*Task to carry out:* Copy each record below faithfully, leaving out images.

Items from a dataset
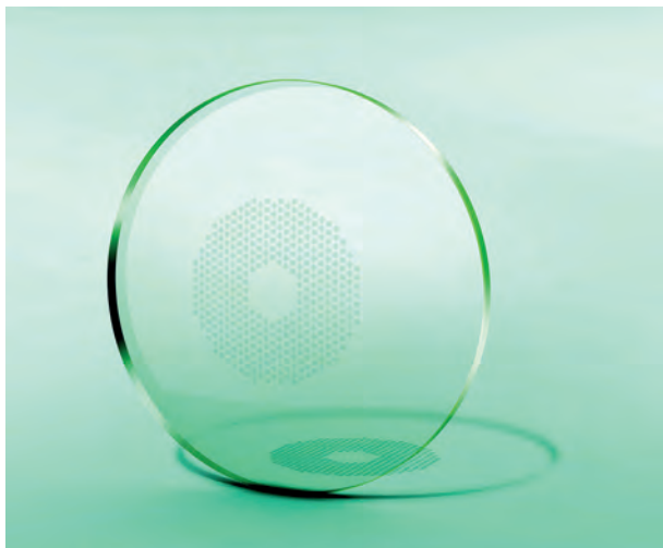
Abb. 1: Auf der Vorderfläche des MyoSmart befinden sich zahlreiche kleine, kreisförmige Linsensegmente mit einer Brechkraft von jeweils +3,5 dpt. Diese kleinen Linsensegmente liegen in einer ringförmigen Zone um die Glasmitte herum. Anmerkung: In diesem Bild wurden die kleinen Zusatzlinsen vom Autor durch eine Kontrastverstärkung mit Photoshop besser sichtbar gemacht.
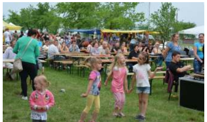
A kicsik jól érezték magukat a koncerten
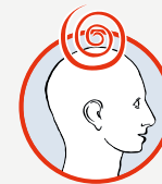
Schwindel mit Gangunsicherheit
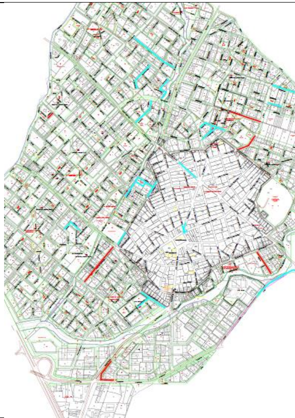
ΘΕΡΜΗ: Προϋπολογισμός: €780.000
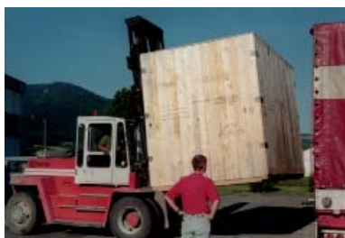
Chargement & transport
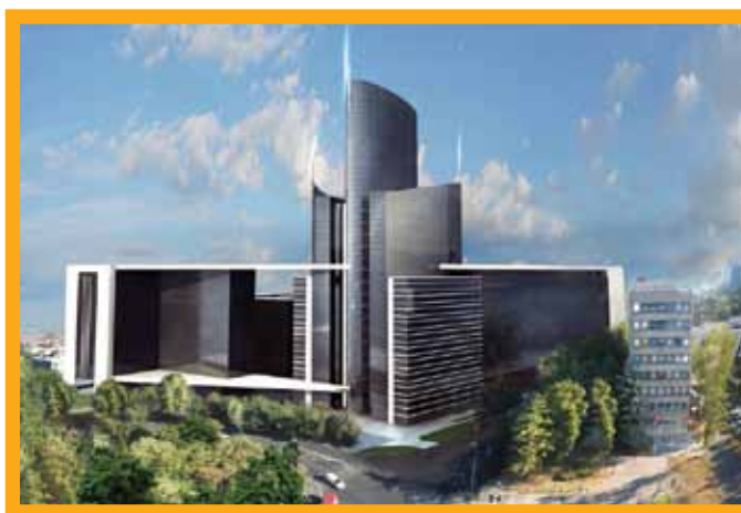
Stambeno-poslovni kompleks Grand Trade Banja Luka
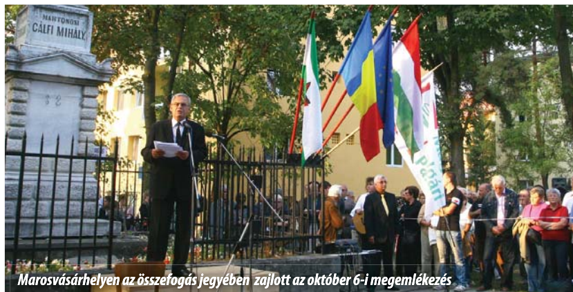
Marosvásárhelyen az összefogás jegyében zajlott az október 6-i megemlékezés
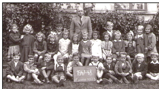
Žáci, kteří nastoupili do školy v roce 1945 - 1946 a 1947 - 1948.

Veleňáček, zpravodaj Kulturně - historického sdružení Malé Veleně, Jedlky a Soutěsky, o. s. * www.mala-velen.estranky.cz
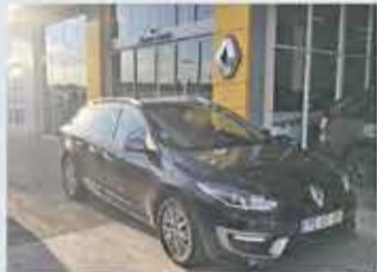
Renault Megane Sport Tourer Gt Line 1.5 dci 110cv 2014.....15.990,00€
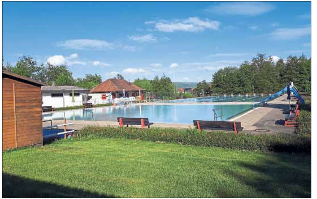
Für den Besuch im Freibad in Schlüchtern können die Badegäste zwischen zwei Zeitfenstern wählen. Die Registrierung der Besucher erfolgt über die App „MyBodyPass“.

*Output for this task:*
Abb. 1: Auf der Vorderfläche des MyoSmart befinden sich zahlreiche kleine, kreisförmige Linsensegmente mit einer Brechkraft von jeweils +3,5 dpt. Diese kleinen Linsensegmente liegen in einer ringförmigen Zone um die Glasmitte herum. Anmerkung: In diesem Bild wurden die kleinen Zusatzlinsen vom Autor durch eine Kontrastverstärkung mit Photoshop besser sichtbar gemacht.
A kicsik jól érezték magukat a koncerten
Schwindel mit Gangunsicherheit
ΘΕΡΜΗ: Προϋπολογισμός: €780.000
Chargement & transport
Stambeno-poslovni kompleks Grand Trade Banja Luka
Marosvásárhelyen az összefogás jegyében zajlott az október 6-i megemlékezés
Žáci, kteří nastoupili do školy v roce 1945 - 1946 a 1947 - 1948.

Veleňáček, zpravodaj Kulturně - historického sdružení Malé Veleně, Jedlky a Soutěsky, o. s. * www.mala-velen.estranky.cz
Renault Megane Sport Tourer Gt Line 1.5 dci 110cv 2014.....15.990,00€
Für den Besuch im Freibad in Schlüchtern können die Badegäste zwischen zwei Zeitfenstern wählen. Die Registrierung der Besucher erfolgt über die App „MyBodyPass“.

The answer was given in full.